The reveal/retrieve proxy is a procedural synthetic environment, not a contact-rich robot simulator.

It has:

- synthetic RGB-D renders,
- internal latent state,
- hand-coded transition rules,
- scripted teacher/oracle supervision.

It does **not** have:

- rigid-body or deformable physics,
- actual robot kinematics,
- true contact/grasp simulation,
- a fair end-to-end manipulation distribution for a pretrained trunk.

Therefore:

- the proxy result is useful to validate adapter logic,
- the proxy result is **not** sufficient evidence that the trunk or the full system would outperform real baselines on RLBench or on the future custom benchmark.

## What Was Learned

The work supports the following conclusions:

- the structured adapter idea is still alive,
- the explicit reveal-state variables are worth keeping,
- task-routed reveal macros matter,
- retrieve-feasibility gating matters,
- the no-op fallback path for general tasks is sound,
- the old heavy memory/world-model story is not where the strongest evidence lives.

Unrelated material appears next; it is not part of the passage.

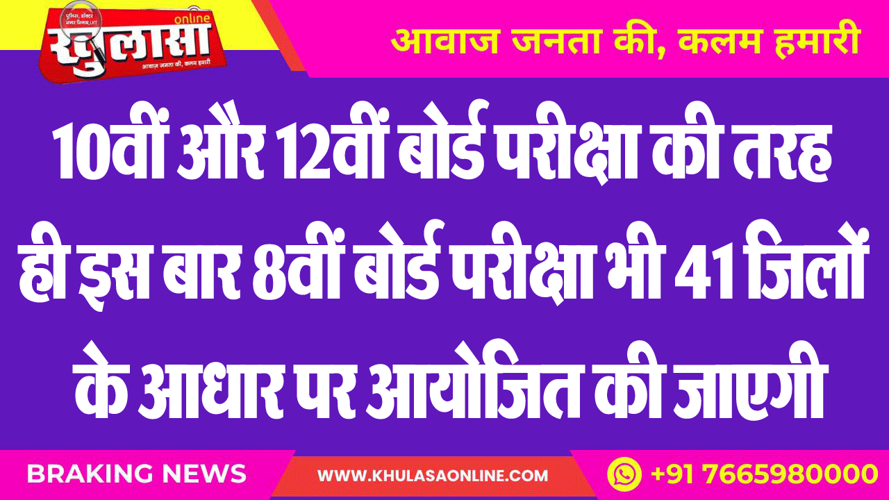 10वीं और 12वीं बोर्ड परीक्षा की तरह ही इस बार 8वीं बोर्ड परीक्षा भी 41 जिलों के आधार पर आयोजित की जाएगी

The work does **not** yet justify:

- a claim of broad general-task superiority,
- a claim that the current proxy benchmark is a fair end-to-end benchmark,
- a claim that the architecture is validated on realistic target-like sim tasks.

## Was The Adapter Trained?

Yes.

The final proxy adapter checkpoint was trained with:

- frozen trunk,
- adapter-only updates,
- trained components:
  - reveal/state head,
  - proposal prior,
  - transition model,
  - planner/reranker.

Proxy training data:

- train: `128` episodes per proxy family,
- val: `32` episodes per proxy family,
- proxy families:
  - foliage,
  - bag,
  - cloth.

The final headline smoke benchmark was not run on those train/val episodes. It used separate held-out seeds.

## Was This A Perfect Fairness Story?

No.

What is fair in the current export:

- matched active vs no-op comparisons on the same wrapped checkpoint,
- held-out procedural seeds for the final proxy benchmark,
- exact no-op and generic-task fallback tests.

What is still missing for a stronger paper-quality comparison:

1. same-initialization `trunk_only` fine-tuned on the same proxy data,
2. same-initialization `trunk + adapter` fine-tuned on the same proxy data,
3. comparison on held-out proxy seeds,
4. comparison on stable real-sim tasks.

## What Is Left To Do

The main remaining work is on real sim benchmarks, not more abstract proxy optimization.

Priority list:

1. Train a fair control:
   - same initialization,
   - `trunk_only` fine-tuned on the same reveal/retrieve proxy data,
   - compare against `trunk + adapter`.

2. Attach the adapter directly to a strong public trunk:
   - official AnyBimanual,
   - official PerAct2 / RVT,
   - or 3D FlowMatch Actor if practical.

3. Validate on stable real-sim tasks:
   - do not trust unstable RLBench tasks with infeasible waypoints,
   - rebuild a trustworthy target-like evaluation subset,
   - keep `dual_push_buttons` as a regression anchor only.

4. Add a deformable / garment benchmark:
   - this is the most relevant public step toward the future suitcase/clothes benchmark.

5. Only after that:
   - revisit larger RLBench sweeps,
   - or collect custom teleop data.

## Repository Layout

- `code/`
  - cleaned code snapshot used for the handoff
- `artifacts/outputs/`
  - current adapter checkpoints and training outputs
- `artifacts/reports/`
  - evaluation and debugging reports
- `artifacts/data/reveal_proxy/`
  - proxy train/val datasets used by this stage
- `legacy/`
  - exact older checkpoints and summaries that the current work depends on
- `docs/`
  - audit, iteration, and completion reports from this handoff
- `setup/`
  - same-machine environment notes and helper scripts

## Recommended Use Of This Repo

Use this repo as:

- the archival handoff state,
- the codebase to continue adapter work from,
- the source of the current checkpoints and benchmark reports,
- the baseline package before moving to real sim validation.

Do **not** use it as evidence that the architecture is already validated on realistic manipulation benchmarks. That validation is what should happen next.